Genre: Action and Adventure
Director: Camille Delamarre
Cast: Paul Walker, David Belle, RZA
Release Date: April 25th, 2014
Clocking in at a manageable ninety minutes, visit web Brick Mansions is simple in its objective but complicated in its conclusions. Arriving in theaters a mere five months after the death of star Paul Walker, the feature will likely receive publicity for giving Walker his last leading role. The Fast and the Furious actor does a solid job here but the material itself is lacking, leading to one of the dumbest cinematical conclusions I’ve seen in a long time.
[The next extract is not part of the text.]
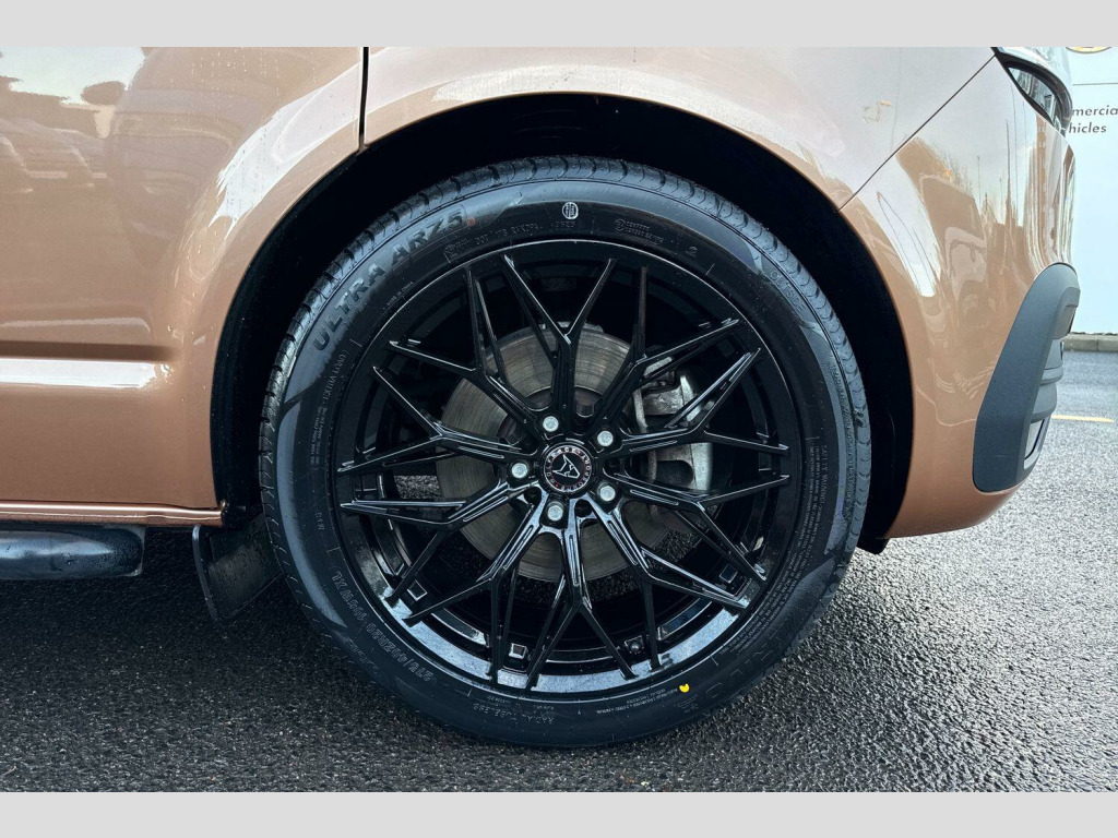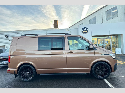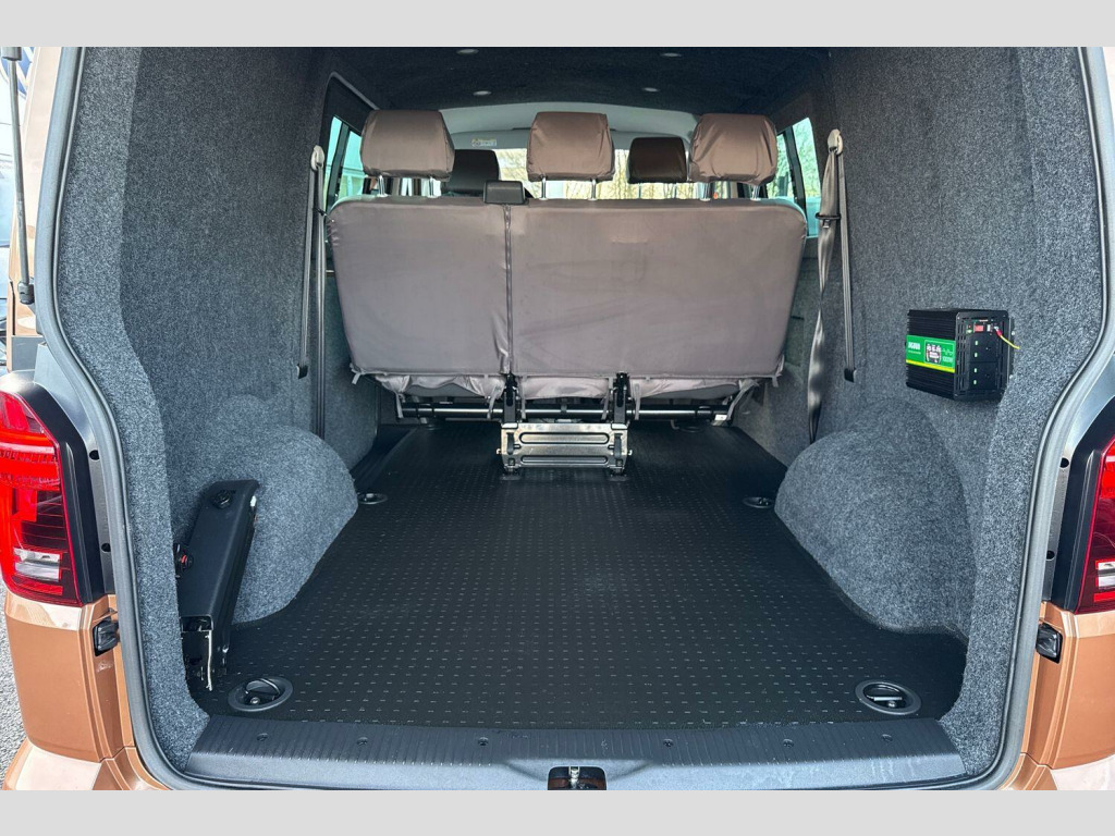 Volkswagen Transporter 2.0 TDI 150 Highline Kombi Van DSG Metallic paint-Copper Bronze, LED headlights with LED daytime running lights, LED rear tail light clusters, Rear roof spoiler, Side styling bars in matte black, Lowering kit, Heated, power folding exterior mirrors, Front fog lamps with cornering function, Parking sensors front + rear, Mud flaps front + rear, Tailgate with heated rear window and wash wipe, Single sliding side load door-Passenger side, Adaptive cruise control, Leather trimmed, multi-function steering wheel, Lights + Vision Pack, Dynamic headlight range control (self-adjusting while driving), Heated windscreen, Heated washer nozzles, Electronically controlled air conditioning system, Bricks woven fabric upholstery, Swivelling front seats-Factory fitted, Heated front seats, Fully insulated and carpet lined, Single front passenger seat, Thatcham category 1 cab alrm system, 2 remote control folding keys, Metallic - Copper Bronze, Removable/lockable tow bar including trailer stabilisation, Bricks woven fabric - Titanium/Palladium black, 20" Wolfsburg Road Edition alloy wheel in high gloss black, Steel spare wheel with original equipment tyre, Green heat insulating glass, Heated front windscreen, Privacy glass in passenger compartment, Rear window with heated insulating glass, heated rear window wiper and washer system, Windshield wiper intermittent control with rain sensor for windshield wipers, 16" chassis with 16" brake system, Radiator grille with 2 chrome trims, Transporter nameplate on the rear fender, Without adhesive film, Automatic headlight control, leaving home and manual coming home feature, Front fog lamps with cornering light, Illuminated steps in passenger/load compartment, Electronic stability control, ABS, ASR with deactivation button, hill start assist and brake assist system, Start/stop system with regenerative breaking, Adaptive cruise control, Cross wind assist, Electromechanical speed sensitive power steering, height and longitudinally adjustable steering column, Left convex exterior mirror, Power adjustable and heated exterior mirrors, Power folding door mirrors, Right convex exterior mirror, 3 point height adjustable seat belts on outer seats cab with electric pretensioners, Driver and front passenger airbag with front passenger airbag deactivation, Power operated child safety lock, Single tone horn, Warning buzzer and light for driver seat belt not fastened, Mobile phone interface, Without voice control, 2 USB interfaces type C in dashboard, 4 speakers with 2 tweeters and 2 woofers, Composition colour radio with 6.5" touchscreen, Digital radio reception (DAB+), Volkswagen app connect, Tailgate closing with unlatching from the inside, Tailgate with window aperture, Dimmable illuminated instruments, Driver alert with black and white multi function display plus, Headlight range control, Child seat anchors ISOFIX and top tether in 2nd row of seats, eCall emergency system, Forward collision warning front assist with autonomous emergency braking, 70 L volume fuel tank, Diesel particulate filter, Speed limiter, Additional 12V socket, Dust/pollen filter, 3 spoke leather wrapped multi function steering wheel, Additional sound deadening measures in cab and passenger compartment, Auto dimming breakaway interior rear view mirror, Comfort headliner in cab, hardboard roof trim in passenger and load compartment, Folding grab handles and storage compartments on cab seats, reading light, Glove compartment with illumination, Heavy duty tool kit and jack, Medium height for vehicles with window aperture hardboard side trim panels in passenger/load compartment, Refrigerant R134a, Rubber floor covering in cab, Rubber floor covering in passenger/load compartment with loading edge protection in rear, Standard lower part dashboard in palladium, Without partition, LED Interior lighting in load and passenger compartment, Interior plastic loading edge protection, Lashing rings for load restraint system, Exterior pack without fog light- Transporter, Non smoker pack - Tran

Walker stars as Damien, an undercover narcotics detective, whose antics know few limits. After chasing down one criminal, for instance, he delivers that perp to the cops by crashing his car near the local police station and having the criminal fly out through the windshield and onto the police department’s floor. He’s that good. Damien works in Detroit, where the city seems to be separated into two parallel worlds. There are the rich and fancy buildings where the wealthy live and breathe and then there are the brick mansions, where the poor are left to live out their days in despair.
In the isolated world of the brick mansions, the local schools, police offices and hospitals have been shut down by the corrupt mayor who doesn’t want to waste resources on the less fortunate.
Nobody cares about the brick mansions, save for Damien who is looking to avenge his father’s death by bringing his murderer– a local gangster named Tremaine (RZA)– to justice. Tremaine has his share of enemies though and one of them is Lino (David Belle), a man whose ex-girlfriend has been kidnapped by Tremaine and his goons. Damien and Lino eventually team up to stop Tremaine, a cheap gangster who eventually gets his hands on (and knows how to use) a massive bomb and a Russian rocket launcher. (Yeah, it doesn’t make sense to me either.)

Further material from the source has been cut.